• [Source data]
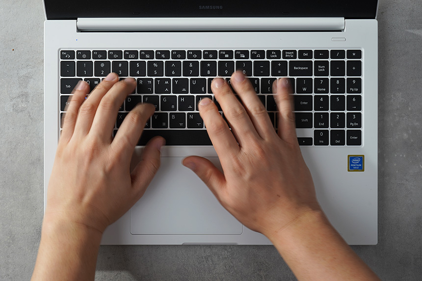 삼성전자 노트북 플러스 NT550XCR-AD2A 키캡의 크기는 기존 자사 제품(NT550EBE) 대비 약 10% 증가해서 오타가 잘 나지는 않는 편입니다. 그렇지만 키캡의 높이가 조금 낮아서 구분감이 약하다는 점은 아쉬운 부분입니다.
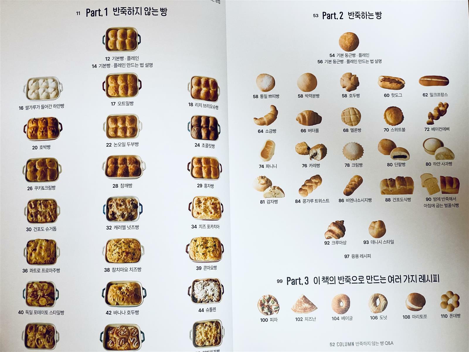 이 책은 반죽하지 않는 빵과 반죽하는 빵, 그리고 그 외 반죽으로 만드는 스페셜 레시피 등 3가지로 나누어 소개 되어 있다.
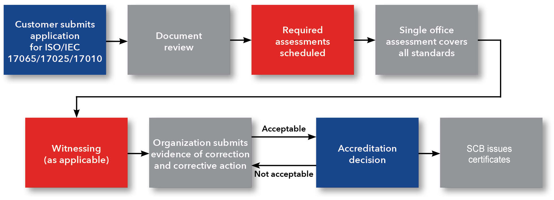 SCB offers a single accreditation program for conformity assessment bodies providing product certification, testing and/or inspection services. Testing and inspection activities are integral to operations of product certification organizations. Many companies seeking ISO/IEC 17065 accreditation also require accreditation to ISO/IEC 17025 for their labs. This is also the case with ISO/IEC 17020 for inspection agencies. Our program offers combined assessments in both instances.

• [Your objective] Take the line with "이 책은 반죽하지 않는" and each line after it through the end of the material above, and reproduce them exactly, without the pictures.

• [Result of this task]
 이 책은 반죽하지 않는 빵과 반죽하는 빵, 그리고 그 외 반죽으로 만드는 스페셜 레시피 등 3가지로 나누어 소개 되어 있다.
 SCB offers a single accreditation program for conformity assessment bodies providing product certification, testing and/or inspection services. Testing and inspection activities are integral to operations of product certification organizations. Many companies seeking ISO/IEC 17065 accreditation also require accreditation to ISO/IEC 17025 for their labs. This is also the case with ISO/IEC 17020 for inspection agencies. Our program offers combined assessments in both instances.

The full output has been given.